Contact Pressure at 30° and 60° of Abduction, and 60° of Abduction with 90° of External Rotation
The largest changes in contact pressure were seen with the humerus in 60° of abduction and 90° of external rotation. Creation of a 15% glenoid defect increased the mean peak contact pressure of the glenoid-labral complex by 25% to 30% (mean, 28%; p < 0.05) and a 30% glenoid defect increased the mean peak contact pressure by 85% to 105% (mean, 94%, p < 0.03) as compared with the pressure in the intact condition.

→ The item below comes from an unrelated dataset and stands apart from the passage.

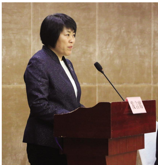
临沂市体育局局长 刘艳芬

近年来，临沂市体育局、体育总会在省体育局、体育总会的指导下，以体育供给侧改革为统领，以基层体育总会全覆盖为重点，

After creation of a 30% defect, the measured peak contact pressure in the anteroinferior quadrant increased by a mean (and standard deviation) of 390% ± 29% (p < 0.01) at 60° of abduction and 90° of external rotation. At all testing angles, flush bone grafts resulted in significant (p < 0.05) normalization of contact pressure as compared with the pressure associated with the 30% defect condition (Fig. 6). The flush iliac crest bone graft restored the mean peak contact pressure to 116% (p < 0.03 compared with the pressure with the 30% defect) of that in the intact condition and the flush Latarjet-INF and Latarjet-LAT bone blocks restored it to 120% (p < 0.03) and 137% (p < 0.04), respectively, at 60° of abduction and 90° of external rotation. There was no significant difference in the peak contact pressure between the graft types or the graft orientations at 30° or 60° of abduction. At 60° of abduction and 90° of external rotation, there was a significant difference between the Latarjet-LAT and iliac crest bone grafts and between the Latarjet-LAT and Latarjet-INF bone blocks (p < 0.02 and p < 0.03, respectively) (Table I). There were no significant differences between the Latarjet-INF and iliac crest bone grafts with regard to their ability to restore contact pressures to the intact state at 60° of abduction and 90° of external rotation.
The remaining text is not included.